Data shown Block Start

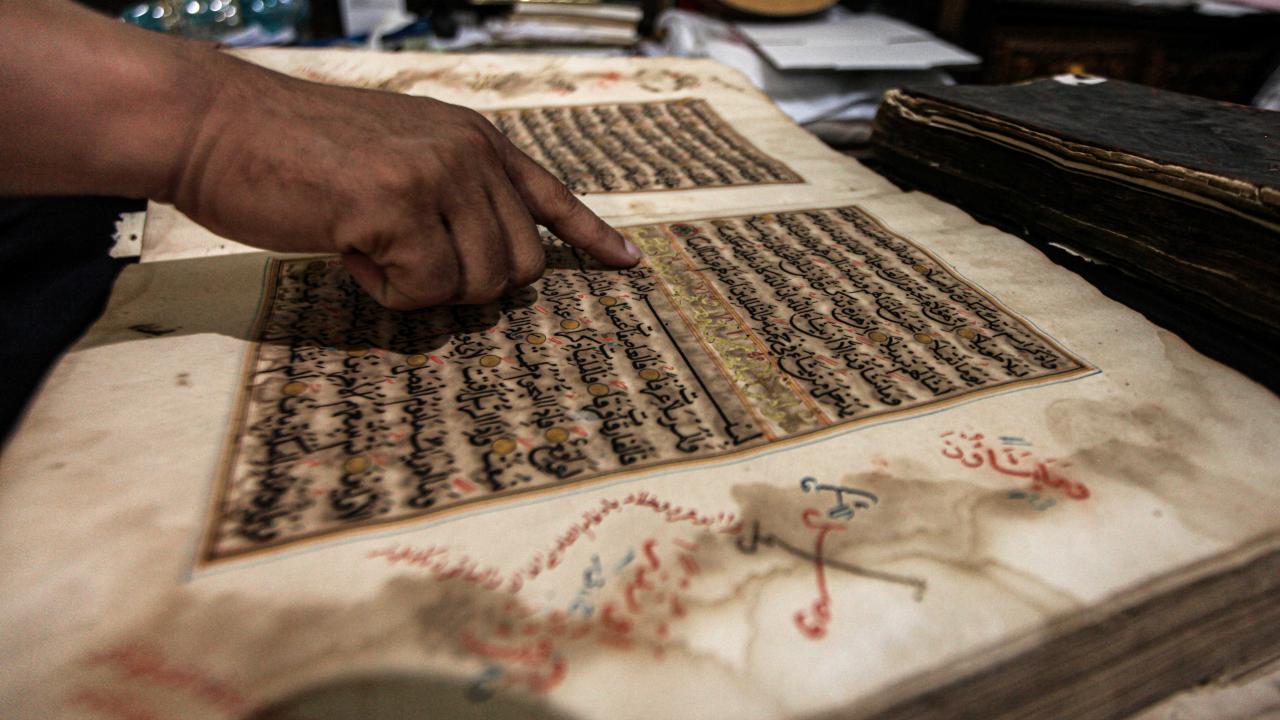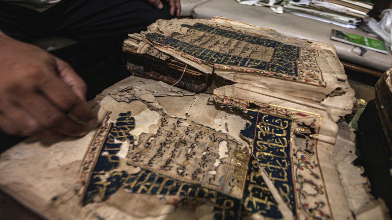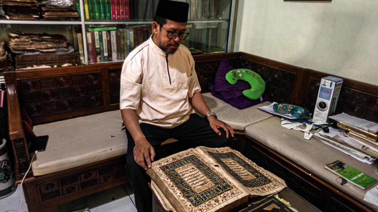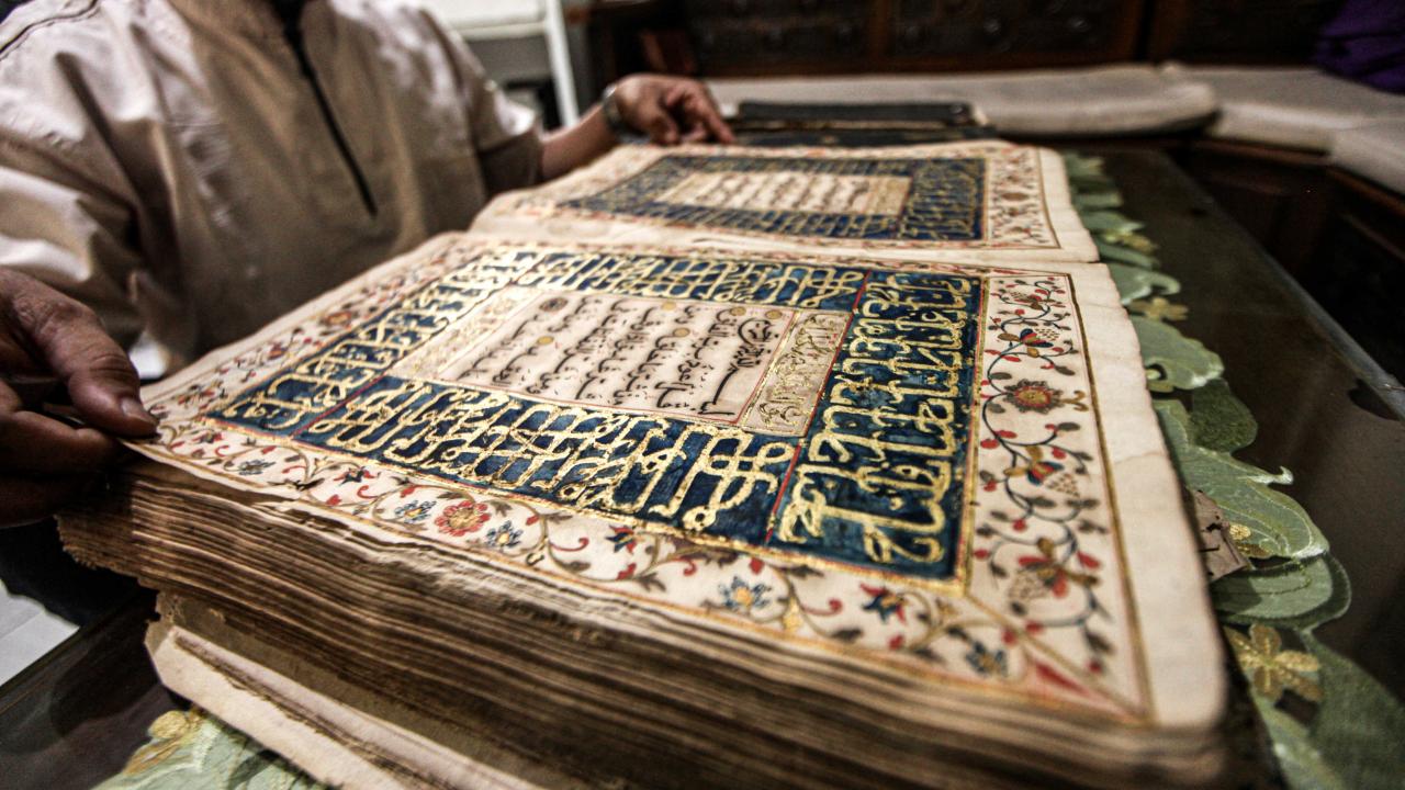 Endonezya'da, 300 yıl önce Palembang Darüsselam Sultanlığı döneminde yazılmış altın varaklı el yazması Kuran-ı Kerim görüntülendi.
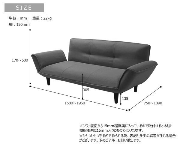 【サイズ】 サイズ:幅1580~1960x奥行き750~1090x 高さ170~500x座面の高さ170 (脚なしの場合) 【素材】 構造材:スチールパイプ クッション材:ウレタン モールド成型 コイルスプリング 脚:樹脂脚 背と肘は5段階でリクライニングします。 【製造国】日本製 脚は樹脂脚150mmです。 | ||
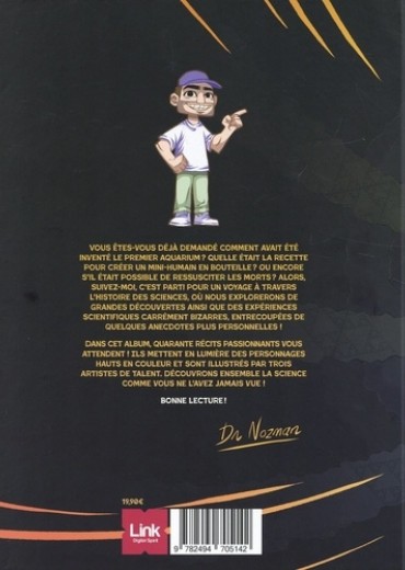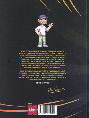 Découvrez la science comme vous ne l'avez jamais vue ! Fractale, la BD qui met en lumière des personnalités scientifiques et des découvertes méconnues, pour mieux comprendre le monde qui nous entoure. Fractale est une BD de vulgarisation qui s'articule autour de trois thématiques : les grandes découvertes scientifiques, les expériences étonnantes (parfois effrayantes ! ) et les anecdotes de Dr Nozman, qui viennent rythmer l'ouvrage. Cette BD en lumière des personnalités scientifiques et des découvertes méconnues, qui sont pourtant essentielles pour notre compréhension du monde. Entre la création du premier aquarium, le parcours d'une gynécologue de génie cachée sous l'identité d'un homme, une expérience effrayante pour tenter de ressusciter un cadavre et des chats racketteurs au Japon... Embarquez dans ce grand voyage de 40 histoires et anecdotes sur la science !

Data shown Block End

Aim of the exercise: Starting at the line that contains "脚は樹脂脚150mmです。 | ||", retype each line through the final one in the listing, with both ends kept and the pictures omitted.

Exercise solution:
 【サイズ】 サイズ:幅1580~1960x奥行き750~1090x 高さ170~500x座面の高さ170 (脚なしの場合) 【素材】 構造材:スチールパイプ クッション材:ウレタン モールド成型 コイルスプリング 脚:樹脂脚 背と肘は5段階でリクライニングします。 【製造国】日本製 脚は樹脂脚150mmです。 | ||
 Découvrez la science comme vous ne l'avez jamais vue ! Fractale, la BD qui met en lumière des personnalités scientifiques et des découvertes méconnues, pour mieux comprendre le monde qui nous entoure. Fractale est une BD de vulgarisation qui s'articule autour de trois thématiques : les grandes découvertes scientifiques, les expériences étonnantes (parfois effrayantes ! ) et les anecdotes de Dr Nozman, qui viennent rythmer l'ouvrage. Cette BD en lumière des personnalités scientifiques et des découvertes méconnues, qui sont pourtant essentielles pour notre compréhension du monde. Entre la création du premier aquarium, le parcours d'une gynécologue de génie cachée sous l'identité d'un homme, une expérience effrayante pour tenter de ressusciter un cadavre et des chats racketteurs au Japon... Embarquez dans ce grand voyage de 40 histoires et anecdotes sur la science !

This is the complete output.